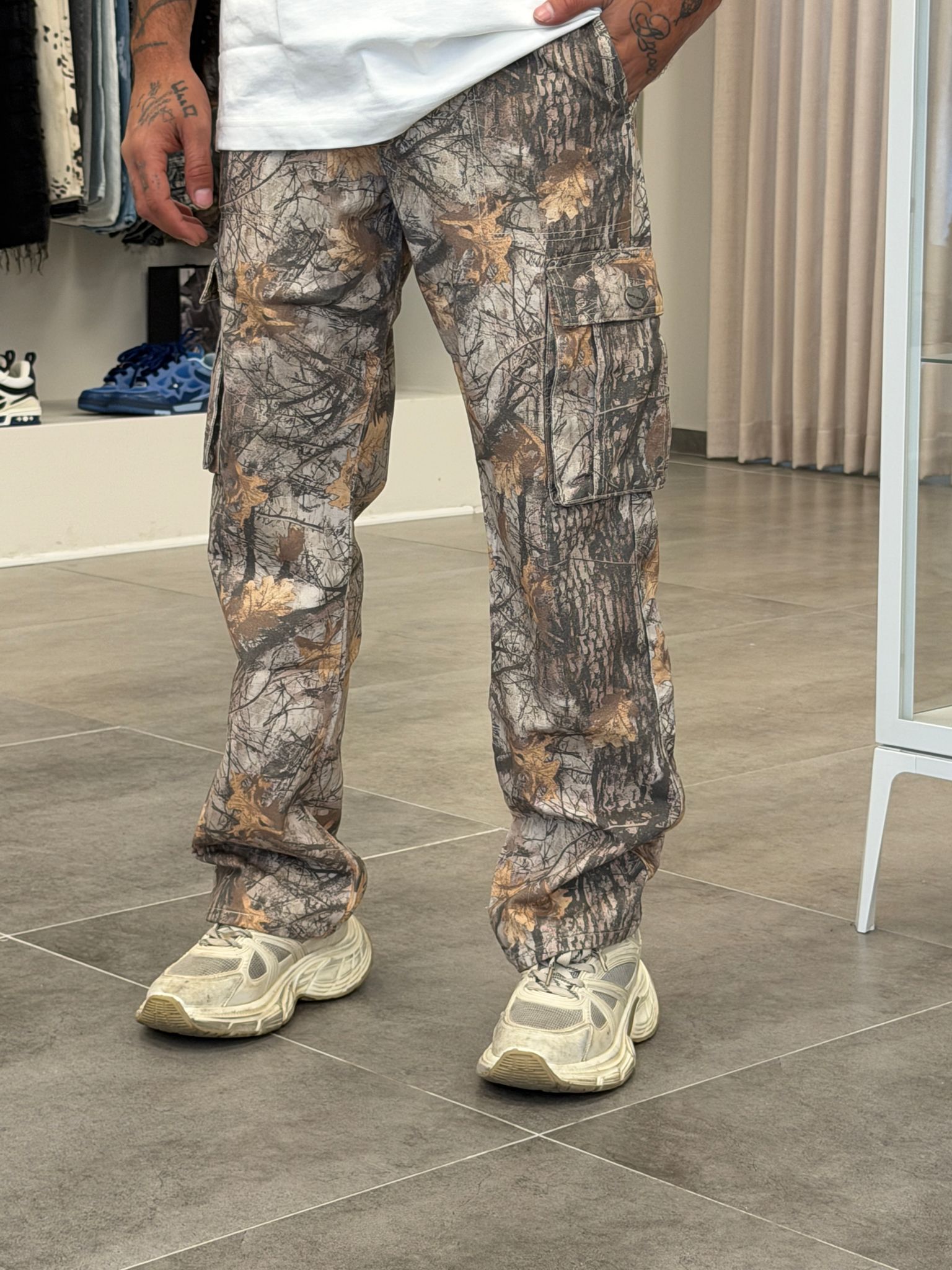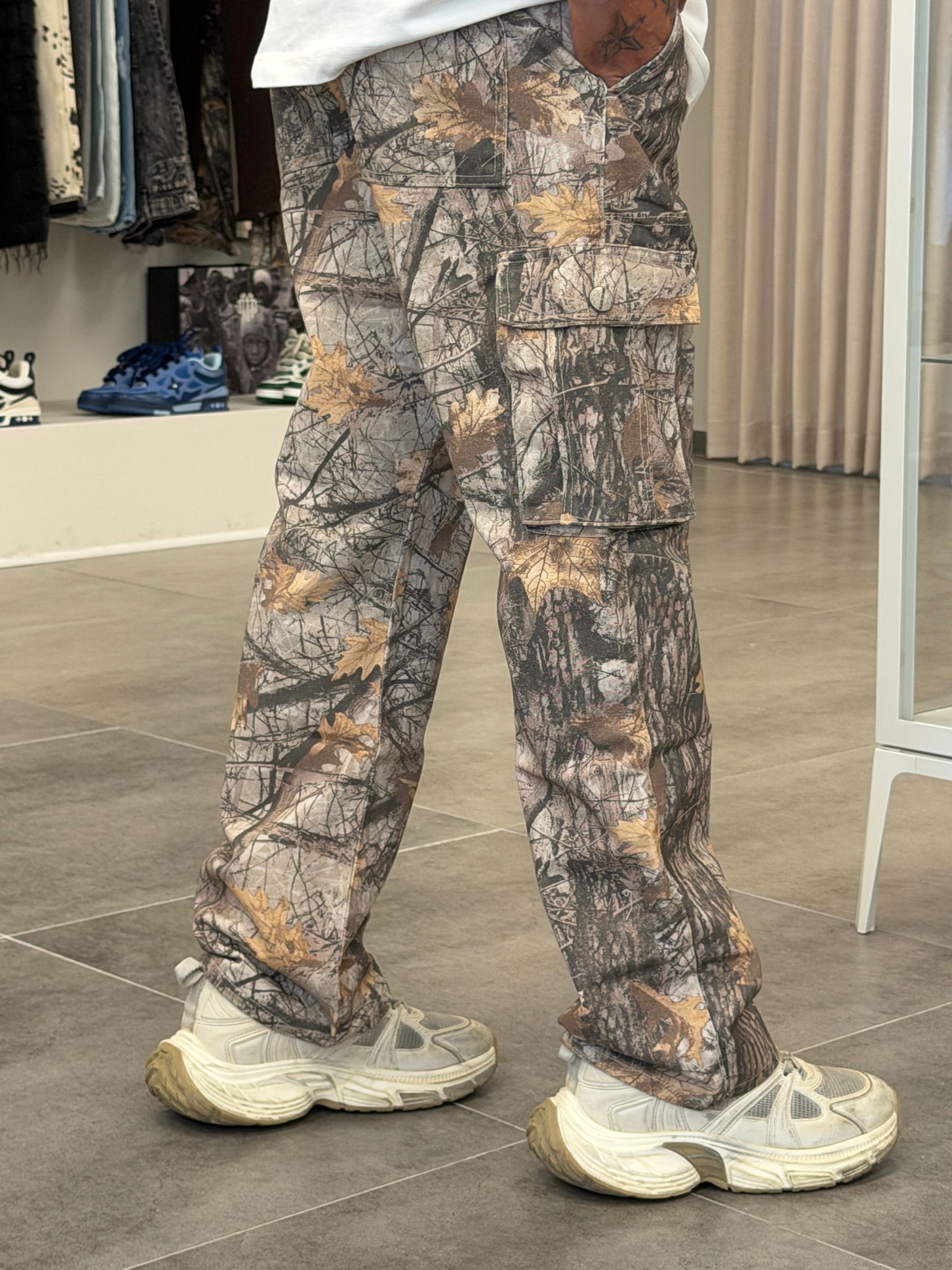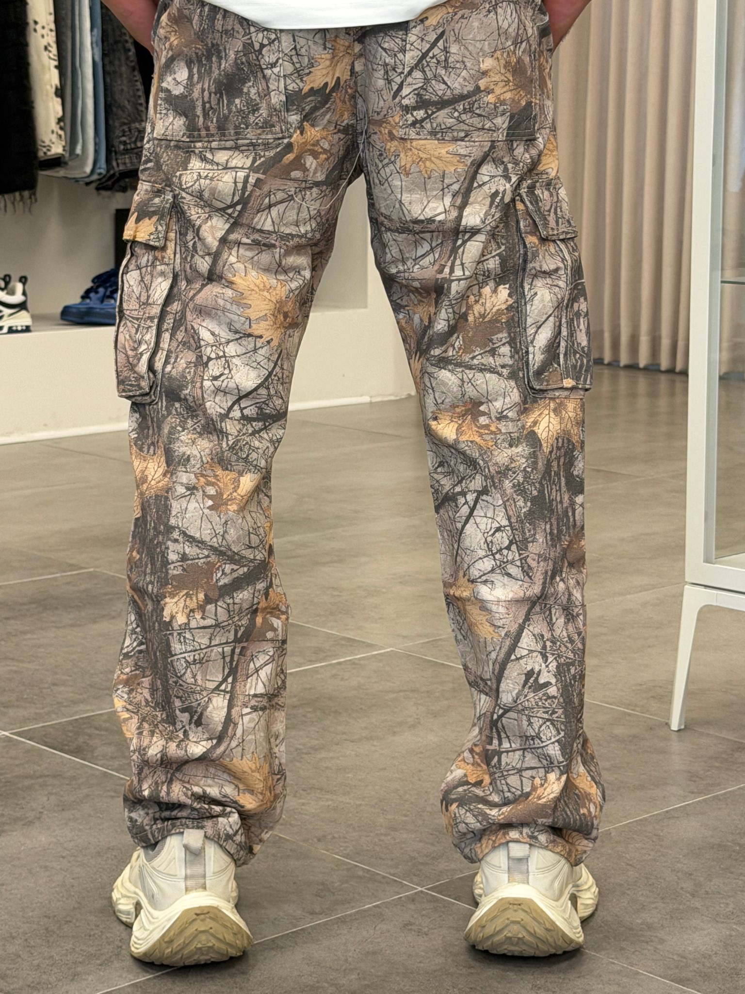 מכנסי קארגו בגזרה רחבה עם הדפס יער טבעי בסגנון forest camouflage — שילוב של גווני חום, אפור וירוק שיוצרים מראה ייחודי ועשיר בפרטים.
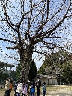 三小には、たくさんの自然があります。ウメやセンダン、サルスベリなど観察をして回りました。
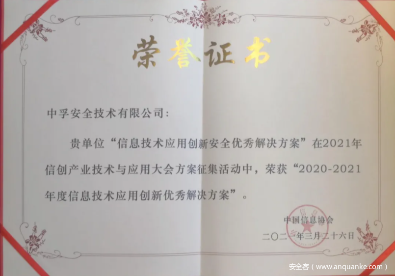 2021年是“十四五”开局之年、全面建设社会主义现代化国家新征程开启之年。在当前时代背景下,新基建是风口,信创是新基建风口之上的风口。崛起的“信创产业”是国家信息安全的屏障、是重塑中国IT产业基础的中流砥柱、是经济转型和发展的核心力量、是智能化时代社会发展的底层基础、是数字经济的重要推手。中孚信息深耕信创行业十余年,本次获奖的信创安全解决方案遵循国家相关标准要求,针对信创终端数据安全风险,为用户构筑终端安全防护与管理体系。
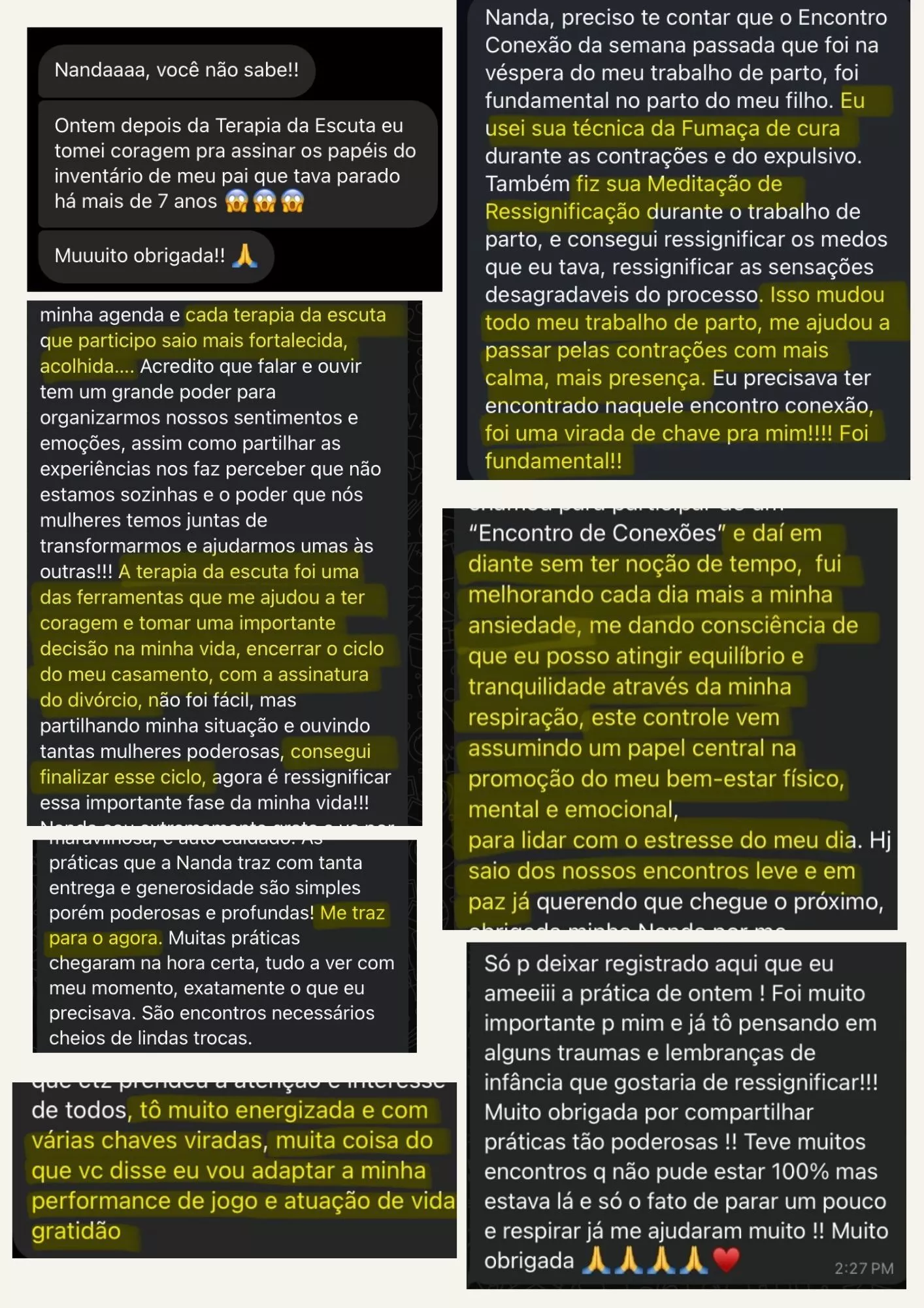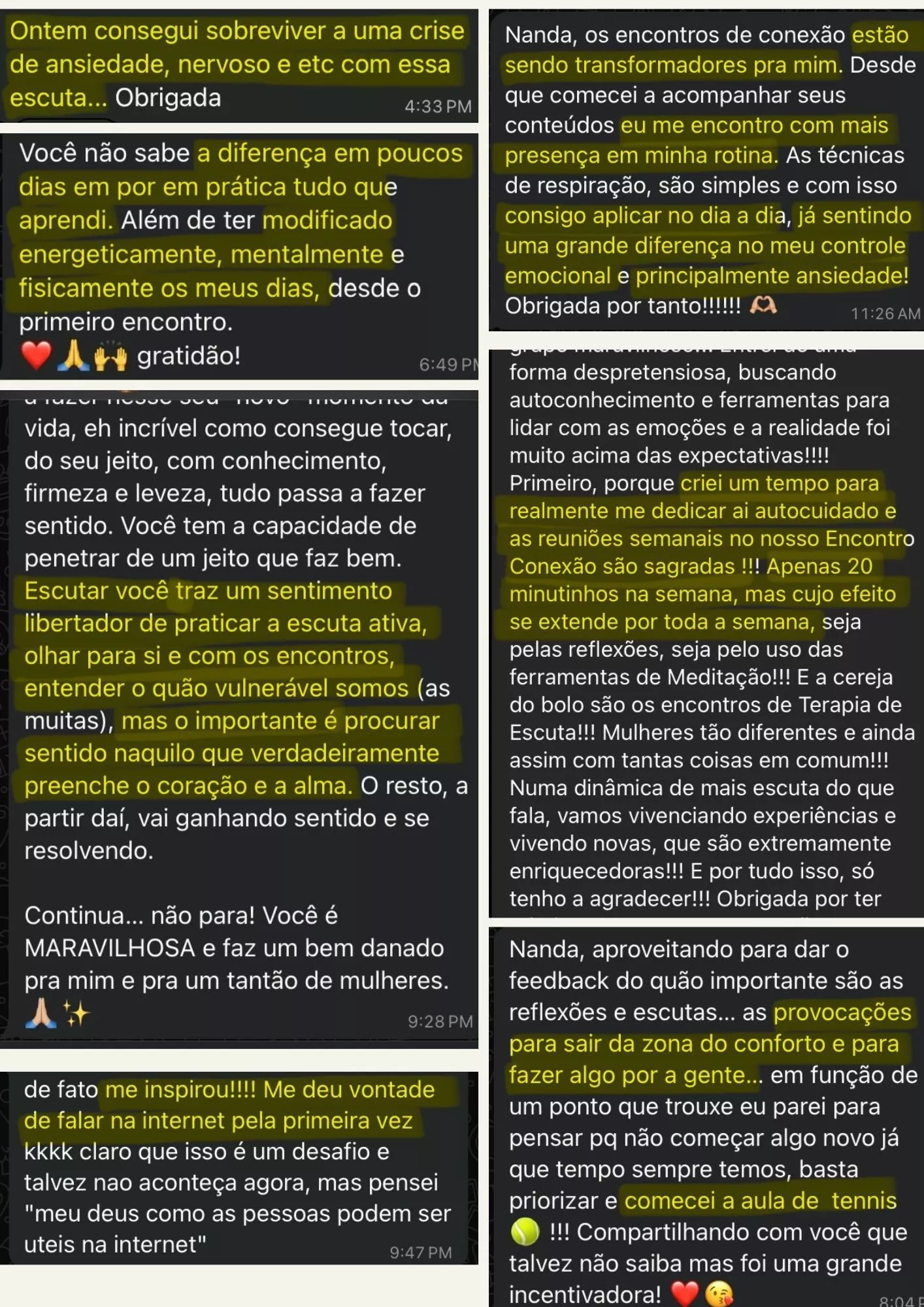 Você vai se sentir mais calma, com emoções equilibradas e uma conexão mais profunda consigo mesma. Muitas alunas relatam menos ansiedade, mais foco, e um novo olhar sobre a vida, com hábitos saudáveis e autoconfiança renovada.
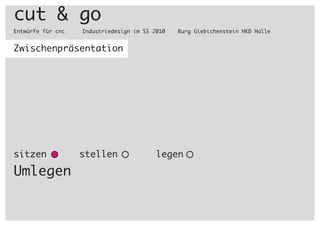 Das Dokument beschreibt die Zwischenpräsentation der Entwürfe für CNC-Industriedesign im Sommersemester 2010 an der Hochschule Burg Giebichenstein in Halle. Es enthält verschiedene Ideen und Konzepte, wie Sitzgelegenheiten und Möbel unter dem Titel 'cut & go' gestaltet werden können. Wiederholte Begriffe wie 'sitzen', 'legen' und 'huckepack' verdeutlichen die Kernnutzung und Flexibilität der Entwürfe.
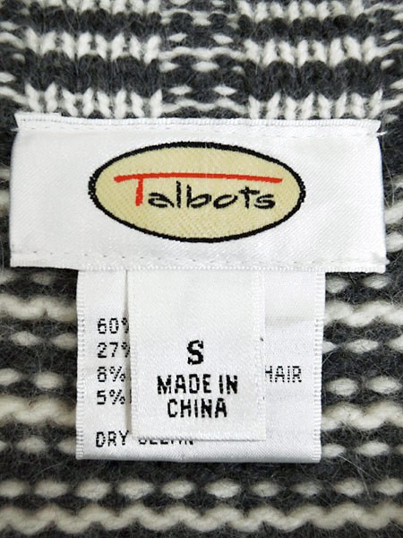 Ladies ブランドTalbots タルボット カラーグレー・白 メール便不可 コンディション★★★ 素材ウール・アンゴラ・ナイロン 表記サイズS 実寸サイズ 着丈 58 cm 身幅 42 cm 肩幅 38 cm 袖丈 49 cm ※ウエスト・ヒップ以外は平置き採寸【code】#b
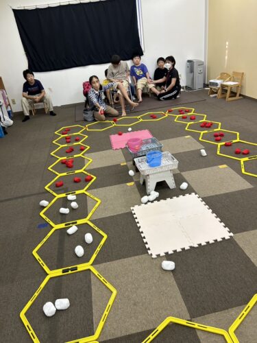 さわやか愛の家 さいじょう館 運動会‼️ 2024-10-11 2024-10-15 こんにちは😊 さわやか愛の家さいじょう館です。 今日は玉入れ競争を行っています。 赤組VS白組 がんばれ👍 あ〜😂カゴが落ちた〜💦 結果発表‼️ 赤組の勝ち🏆 みんなとても頑張ってくれました☆
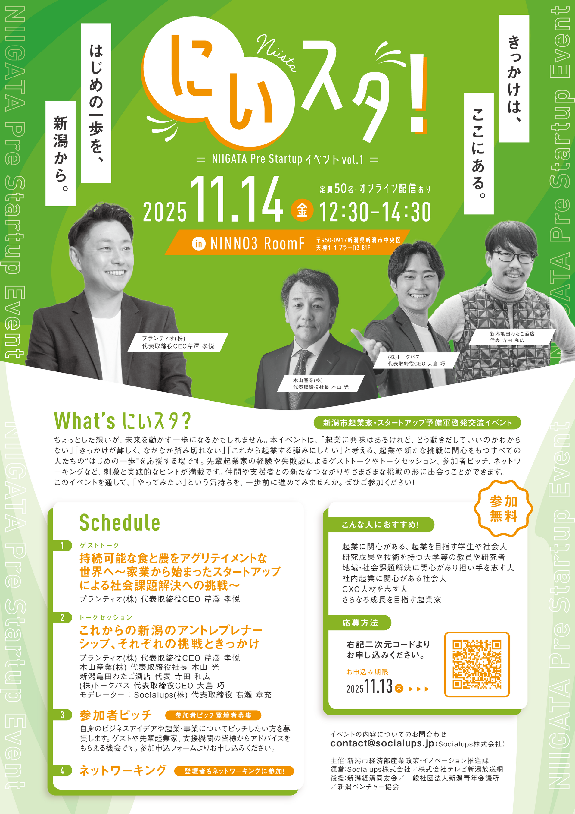 起業家支援・新規事業創出を手がけるSocialups株式会社(本社:新潟市中央区、代表取締役社長:髙瀬章充 以下、当社)は、このたび新潟市主催の起業家・スタートアップ予備軍啓発交流イベント「にいスタ! NIIGATA Pre Startup イベントVol.1~きっかけは、ここにある。はじめの一歩を新潟から。~」を開催・運営します。

━━━━━━━━━━

When you transcribe the entries above, begin at their first line, end with the line containing "Você vai se", and copy each line exactly without any picture.

 מכנסי קארגו בגזרה רחבה עם הדפס יער טבעי בסגנון forest camouflage — שילוב של גווני חום, אפור וירוק שיוצרים מראה ייחודי ועשיר בפרטים.
 三小には、たくさんの自然があります。ウメやセンダン、サルスベリなど観察をして回りました。
 2021年是“十四五”开局之年、全面建设社会主义现代化国家新征程开启之年。在当前时代背景下,新基建是风口,信创是新基建风口之上的风口。崛起的“信创产业”是国家信息安全的屏障、是重塑中国IT产业基础的中流砥柱、是经济转型和发展的核心力量、是智能化时代社会发展的底层基础、是数字经济的重要推手。中孚信息深耕信创行业十余年,本次获奖的信创安全解决方案遵循国家相关标准要求,针对信创终端数据安全风险,为用户构筑终端安全防护与管理体系。
 Você vai se sentir mais calma, com emoções equilibradas e uma conexão mais profunda consigo mesma. Muitas alunas relatam menos ansiedade, mais foco, e um novo olhar sobre a vida, com hábitos saudáveis e autoconfiança renovada.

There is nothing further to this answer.